Task details -
Every record, apart from its pictures, should be repeated exactly.

Records for the exercise -
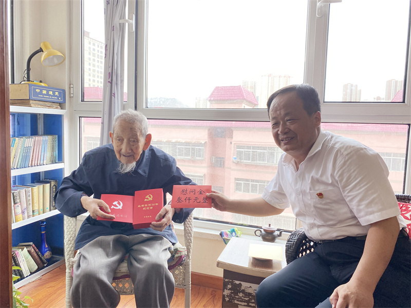 紀委書記、工會主席閻新明及機關部室相關負責人走訪慰問了黨齡50年的100歲離休黨員薛篤昶老人。由于百歲老人薛老與中國共產黨同壽,“雙百”可謂錦上添花,好事成雙。當閻新明將“光榮在黨50周年”紀念章頒發給薛老時,老人滿含熱淚表達了對中國共產黨的感恩和對公司各位領導的真誠感謝。薛老激動地說到:“與黨同齡,是我一生之幸!”
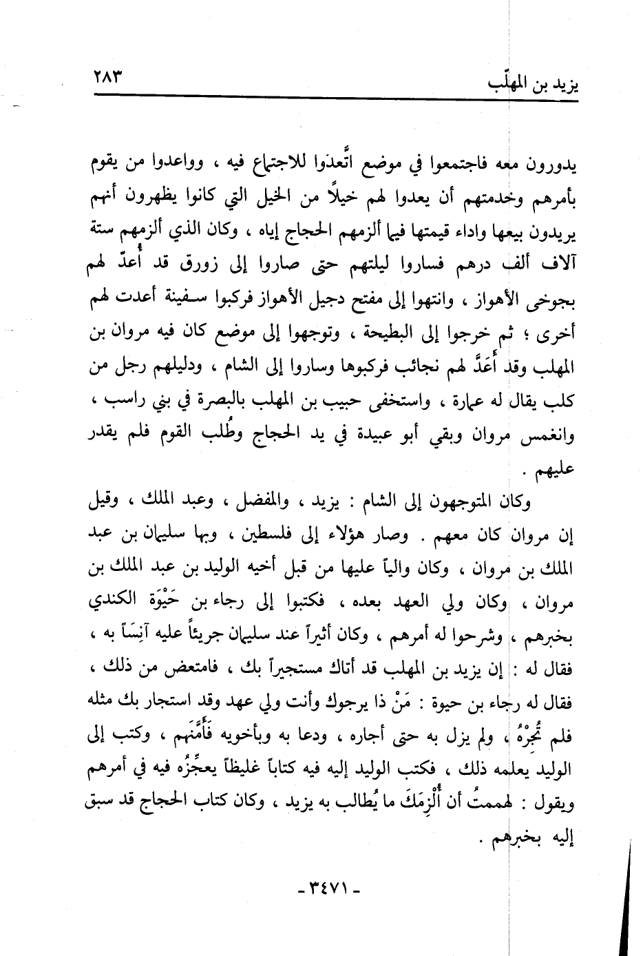 يدورون معه فاجتمعوا في موضع اتعدوا للاجتماع فيه، وواعدوا من يقوم بأمرهم وخدمتهم أن يعدوا لهم خيلا من الخيل التي كانوا يظهرون أنهم يريدون بيعها وأداء قيمتها فيما ألزمهم الحجاج إياه، وكان الذي ألزمهم ستة آلاف ألف درهم فساروا ليلتهم حتى صاروا إلى زورق قد أعد لهم بجوخى الأهواز، وانتهوا إلى مفتح دجيل الأهواز فركبوا سفينة أعدت لهم أخرى، ثم خرجوا إلى البطيحة، وتوجهوا إلى موضع كان فيه مروان بن المهلب وقد أعد لهم نجائب فركبوها وساروا إلى الشام، ودليلهم رجل من كلب يقال له عمارة، واستخفى حبيب بن المهلب بالبصرة في بني راسب، وانغمس مروان وبقي أبو عبيدة في يد الحجاج وطلب القوم فلم يقدر عليهم.
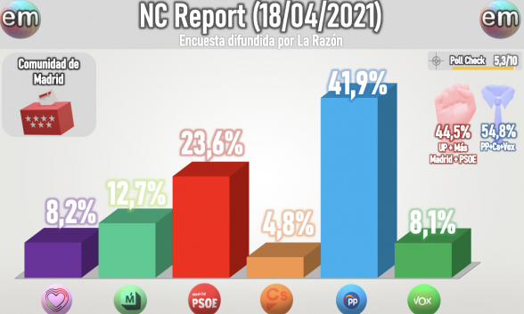Hoy, según una encuesta de NC Report para La Razón, el PP obtendría el 41,9% de los votos y 61 escaños. El PSOE sacaría el 23,6% de los votos y 34 escaños. Más Madrid se haría con el 12,7% de los votos y 18 escaños. Vox tendría el 8,1% de los votos y 12 escaños. Y Unidas Podemos sacaría el 8,2% de los votos y 12 escaños.
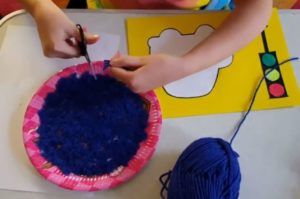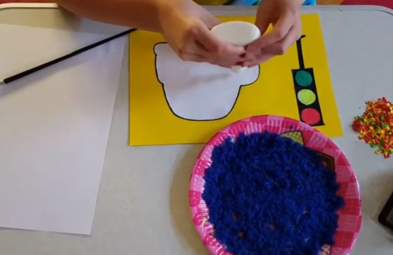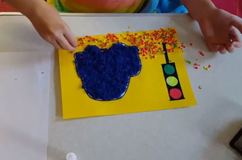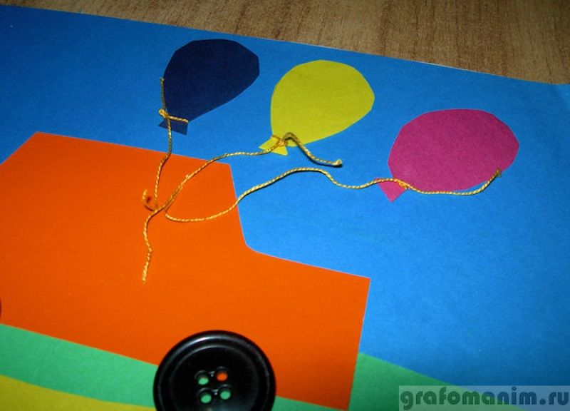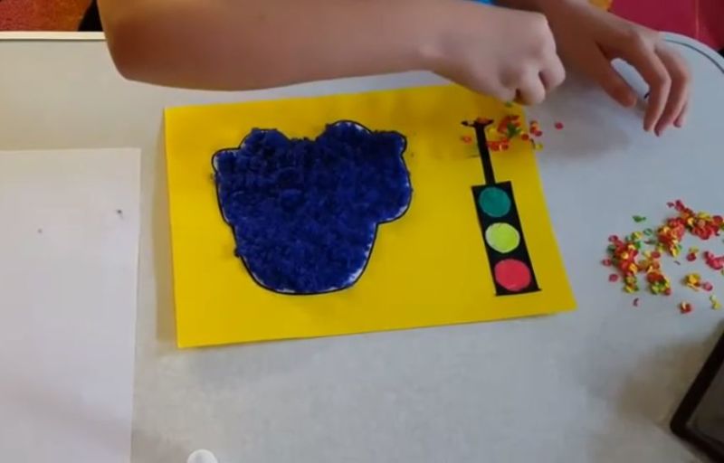 - Облаците или газовите емисии се правят с техниката на разкъсване - цветният материал се разкъсва внимателно, като детето може да създаде всяка интересна форма.
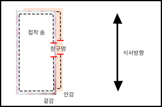 창구멍은 긴 쪽의 직선 라인에 내주는 게 재봉을 할 때에도, 뒤집을 때에도, 막아줄 때에도 편리합니다.
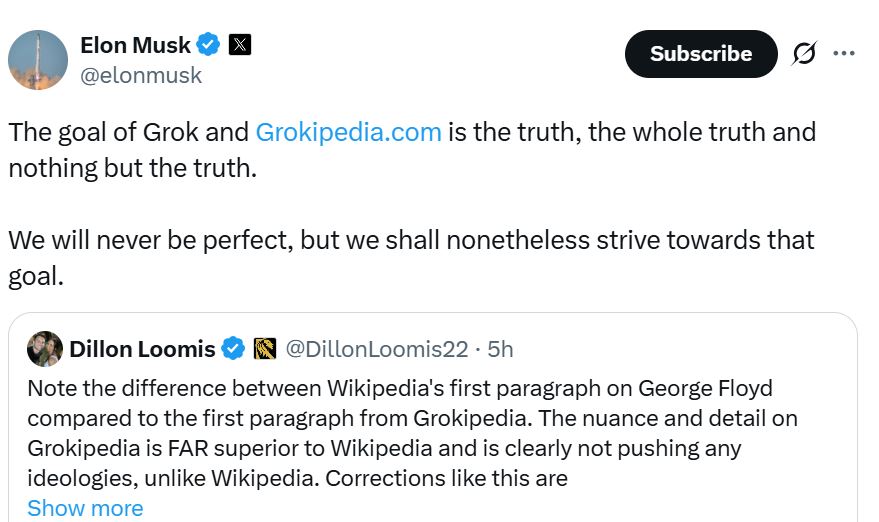 मस्क का AI-पावर्ड ग्रोकिपीडिया लॉन्च होते ही क्रैश: विकिपीडिया को टक्कर देने का दावा, मस्क बोले- ये ट्रुथफुल और बायस-फ्री
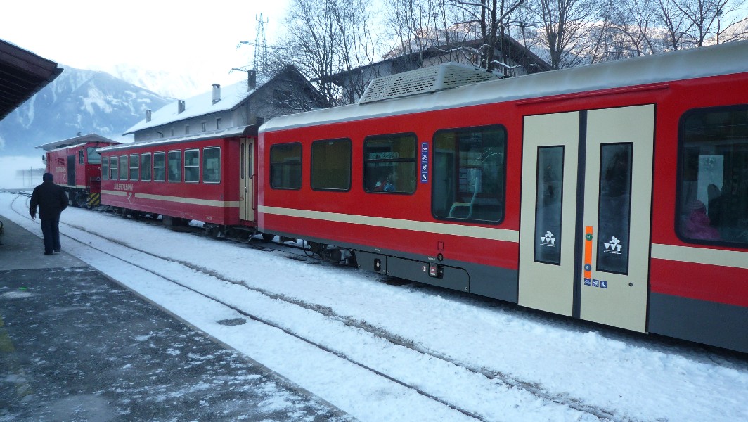Ein Zug nach Mayrhofen auf Gleis 2.
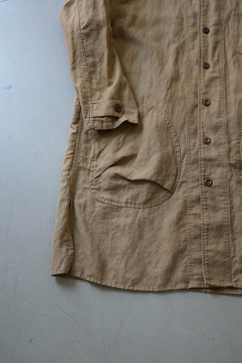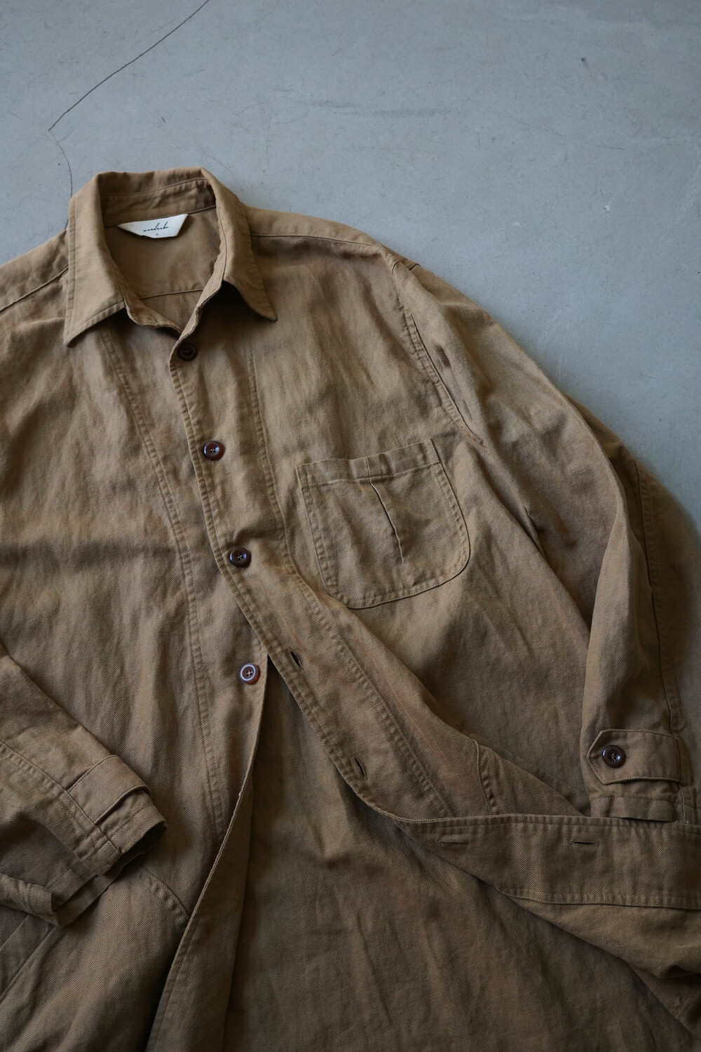 워싱 가공을 하여, 세탁 후 수축이 거의 없으며, 유려하게 떨어지는 자연스러운 실루엣이 매력적입니다.
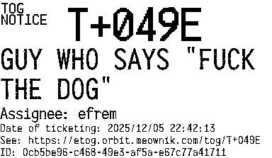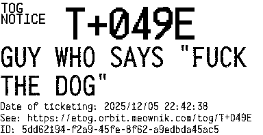 Orbit eTOG Listing Service: T+049E GUY WHO SAYS "FUCK THE DOG"
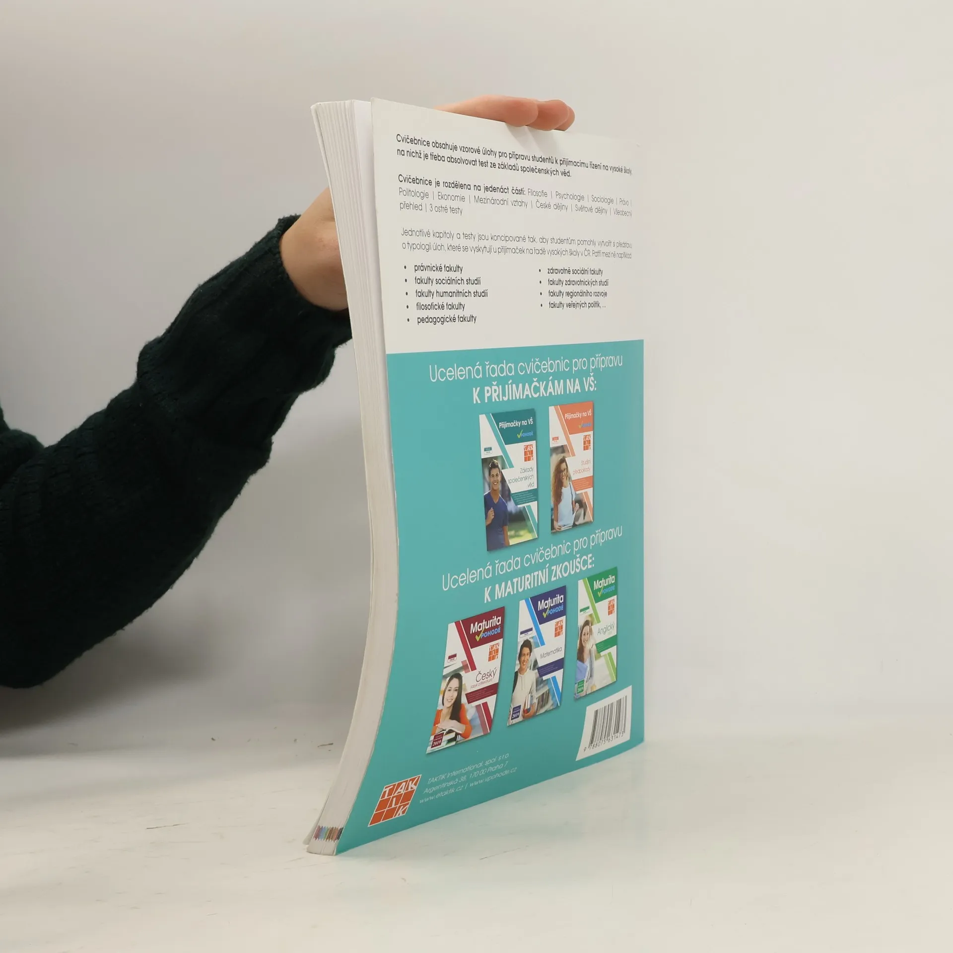 Cílem cvičebnic je poskytnout komplexní přípravu k přijímacímu řízení na vysoké školy, na nichž je třeba absolvovat test ze studijních předpokladů a základů společenských věd. Zpracováním různorodých typologií testových otázek a nejfrekventovanějších témat a oblastí z přijímacích řízení v ČR se podařilo žákům poskytnout kompletní podklady pro přípravu na testy ze studijních předpokladů a základů společenských věd na libovolnou vysokou školu v České republice. Cvičebnice obsahují vzorové úlohy pro přípravu studentů k přijímacímu řízení na vysoké školy, na nichž je třeba absolvovat test ze studijních předpokladů a základů společenských věd.

Written response -
 紀委書記、工會主席閻新明及機關部室相關負責人走訪慰問了黨齡50年的100歲離休黨員薛篤昶老人。由于百歲老人薛老與中國共產黨同壽,“雙百”可謂錦上添花,好事成雙。當閻新明將“光榮在黨50周年”紀念章頒發給薛老時,老人滿含熱淚表達了對中國共產黨的感恩和對公司各位領導的真誠感謝。薛老激動地說到:“與黨同齡,是我一生之幸!”
 يدورون معه فاجتمعوا في موضع اتعدوا للاجتماع فيه، وواعدوا من يقوم بأمرهم وخدمتهم أن يعدوا لهم خيلا من الخيل التي كانوا يظهرون أنهم يريدون بيعها وأداء قيمتها فيما ألزمهم الحجاج إياه، وكان الذي ألزمهم ستة آلاف ألف درهم فساروا ليلتهم حتى صاروا إلى زورق قد أعد لهم بجوخى الأهواز، وانتهوا إلى مفتح دجيل الأهواز فركبوا سفينة أعدت لهم أخرى، ثم خرجوا إلى البطيحة، وتوجهوا إلى موضع كان فيه مروان بن المهلب وقد أعد لهم نجائب فركبوها وساروا إلى الشام، ودليلهم رجل من كلب يقال له عمارة، واستخفى حبيب بن المهلب بالبصرة في بني راسب، وانغمس مروان وبقي أبو عبيدة في يد الحجاج وطلب القوم فلم يقدر عليهم.
Hoy, según una encuesta de NC Report para La Razón, el PP obtendría el 41,9% de los votos y 61 escaños. El PSOE sacaría el 23,6% de los votos y 34 escaños. Más Madrid se haría con el 12,7% de los votos y 18 escaños. Vox tendría el 8,1% de los votos y 12 escaños. Y Unidas Podemos sacaría el 8,2% de los votos y 12 escaños.
 - Облаците или газовите емисии се правят с техниката на разкъсване - цветният материал се разкъсва внимателно, като детето може да създаде всяка интересна форма.
 창구멍은 긴 쪽의 직선 라인에 내주는 게 재봉을 할 때에도, 뒤집을 때에도, 막아줄 때에도 편리합니다.
 मस्क का AI-पावर्ड ग्रोकिपीडिया लॉन्च होते ही क्रैश: विकिपीडिया को टक्कर देने का दावा, मस्क बोले- ये ट्रुथफुल और बायस-फ्री
Ein Zug nach Mayrhofen auf Gleis 2.
 워싱 가공을 하여, 세탁 후 수축이 거의 없으며, 유려하게 떨어지는 자연스러운 실루엣이 매력적입니다.
 Orbit eTOG Listing Service: T+049E GUY WHO SAYS "FUCK THE DOG"
 Cílem cvičebnic je poskytnout komplexní přípravu k přijímacímu řízení na vysoké školy, na nichž je třeba absolvovat test ze studijních předpokladů a základů společenských věd. Zpracováním různorodých typologií testových otázek a nejfrekventovanějších témat a oblastí z přijímacích řízení v ČR se podařilo žákům poskytnout kompletní podklady pro přípravu na testy ze studijních předpokladů a základů společenských věd na libovolnou vysokou školu v České republice. Cvičebnice obsahují vzorové úlohy pro přípravu studentů k přijímacímu řízení na vysoké školy, na nichž je třeba absolvovat test ze studijních předpokladů a základů společenských věd.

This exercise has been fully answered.